Another theoretical example, don’t use it, on Page 57:

    match email:Email
    where emai.id='1234'
    create (alice)-[:REPLIED_TO]->(email);
    create (davina)-[:FORWARDED]->(email)-[:TO]->(charlie);

Page 57, bottom:

   match
        (alice:User),
        (bob:User),
        (charlie:User),
        (davina:User),
        (edward:User)
    where
        alice.username='Alice' and
        bob.username='Bob' and
        charlie.username='Charlie' and
        davina.username='Davina' and
        edward.username='Edward'
     create
        (email_6:Email {id: '6', content: 'email'}),
        (bob)-[:SENT]->(email_6),
        (email_6)-[:TO]->(charlie),
        (email_6)-[:TO]->(davina),
        (reply_1:Email {id: '7', content: 'response'}),
        (reply_1)-[:REPLY_TO]->(email_6),
        (davina)-[:SENT]->(reply_1),
        (reply_1)-[:TO]->(bob),
        (reply_1)-[:TO]->(charlie),
        (reply_2:Email {id: '8', content: 'response'}),
        (reply_2)-[:REPLY_TO]->(email_6),
        (bob)-[:SENT]->(reply_2),
        (reply_2)-[:TO]->(davina),
        (reply_2)-[:TO]->(charlie),
        (reply_2)-[:CC]->(alice),
        (reply_3:Email {id: '9', content: 'response'}),
        (reply_3)-[:REPLY_TO]->(reply_1),
        (charlie)-[:SENT]->(reply_3),
        (reply_3)-[:TO]->(bob),
        (reply_3)-[:TO]->(davina),
        (reply_4:Email {id: '10', content: 'response'}),
        (reply_4)-[:REPLY_TO]->(reply_3),
        (bob)-[:SENT]->(reply_4),
        (reply_4)-[:TO]->(charlie),
        (reply_4)-[:TO]->(davina);

Page 58,bottom:

    match
        (email:Email),
        p=(email)<-[:REPLY_TO*1..4]-()<-[:SENT]-(replier)
    where
        email.id='6'
    return
        replier.username AS replier, length(p) - 1 AS depth
    order by
        depth;

Page 60:

    match
        (alice:User),
        (bob:User),
        (charlie:User),
        (davina:User)
    where
        alice.username='Alice' and
        bob.username='Bob' and
        charlie.username='Charlie' and
        davina.username='Davina'
    create
        (email_11:Email {id: '11', content: 'email'}),
        (alice)-[:SENT]->(email_11)-[:TO]->(bob),
        (email_12:Email {id: '12', content: 'email'}),
        (email_12)-[:FORWARD_OF]->(email_11),
        (bob)-[:SENT]->(email_12)-[:TO]->(charlie),
        (email_13:Email {id: '13', content: 'email'}),
        (email_13)-[:FORWARD_OF]->(email_12),
        (charlie)-[:SENT]->(email_13)-[:TO]->(davina);

Page 61:

   match
        (email:Email),
        (email)<-[f:FORWARD_OF*]-()
    where
        email.id='11'
    return
        count(f);

Other approaches

node_auto_index

One other possibility would be to use the node_auto_index instead (by uncommenting the related statements in the neo4j.properties file, and setting the appropriate properties to be indexed).

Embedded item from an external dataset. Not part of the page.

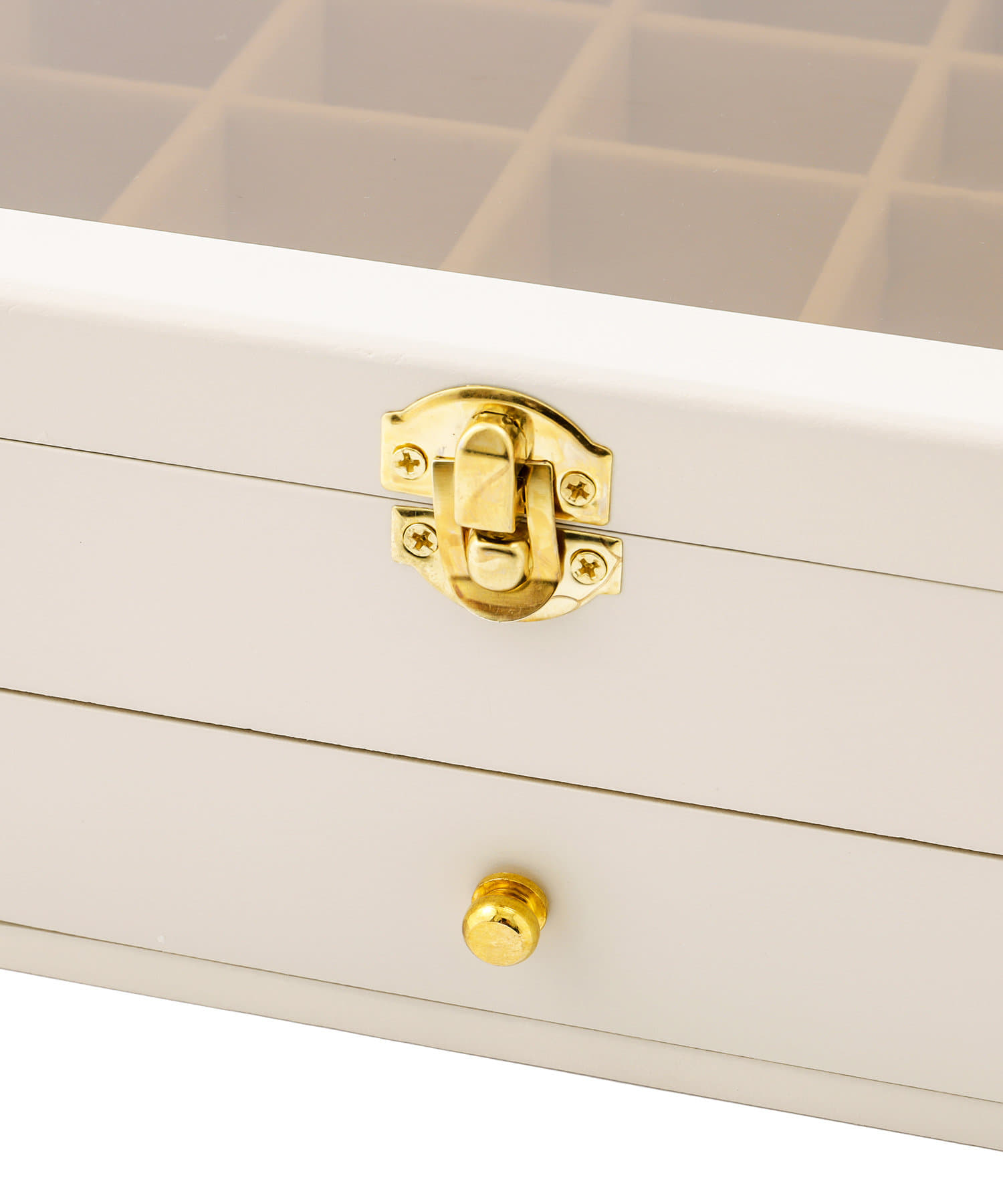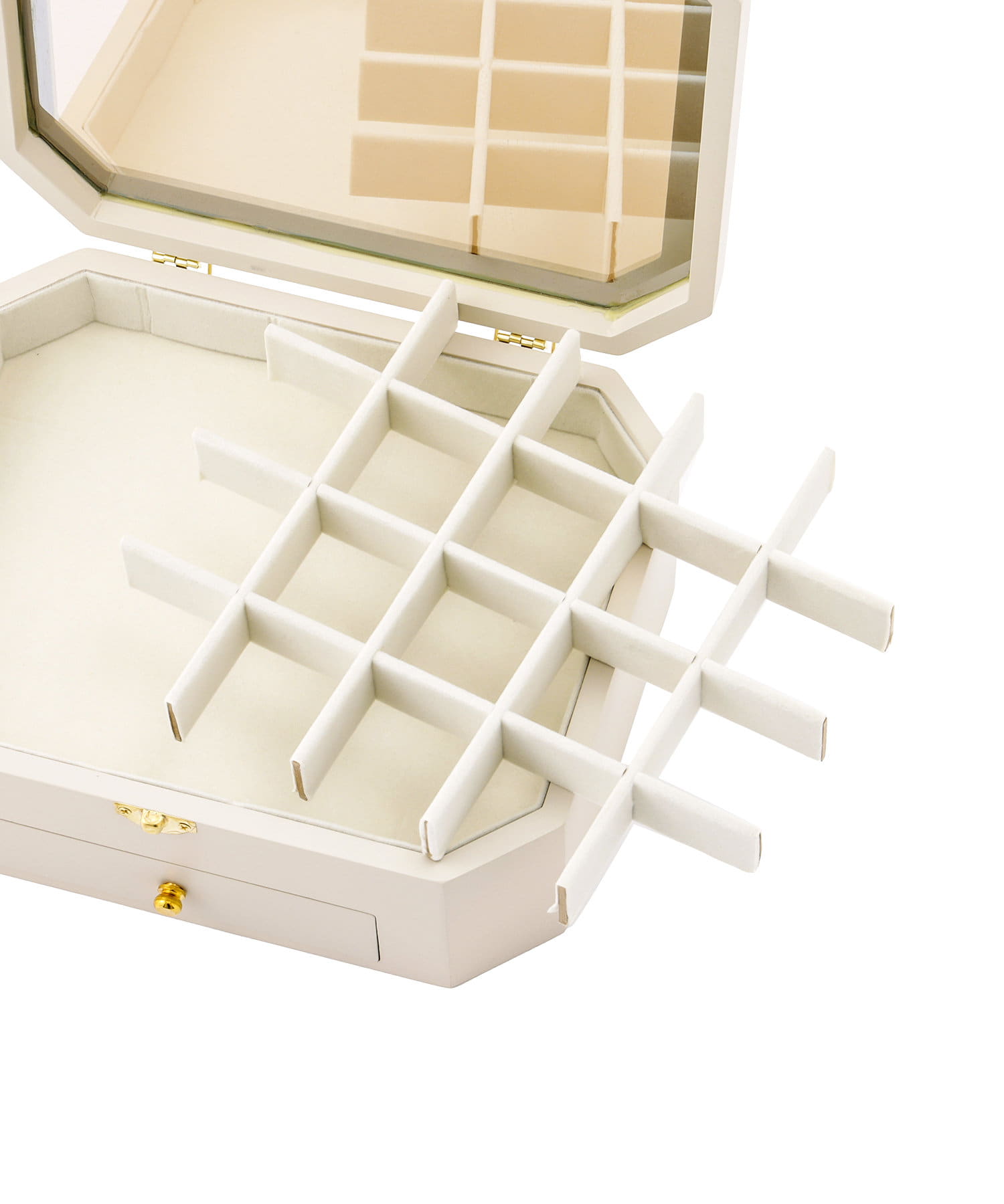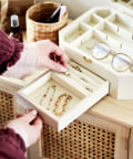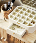 ●下段の引き出し部分は、リングやブレスレットなどを収納できる仕切りつきです。

This would then turn the query:

START   theater=node:venue(name='Theatre Royal') return theater;

into:

START   theater=node:node_auto_index(name='Theatre Royal') return theater;

This would be doable I guess.One could not only index name, but a property called label as well, to avoid namespace issues. But I guess this would

  1. contradict the efforts of labels in the 2.0 version, and

  2. lead to one gigantic index for all of the properties of all of the nodes.

So even though it works for the book, don’t see it as a good way forward.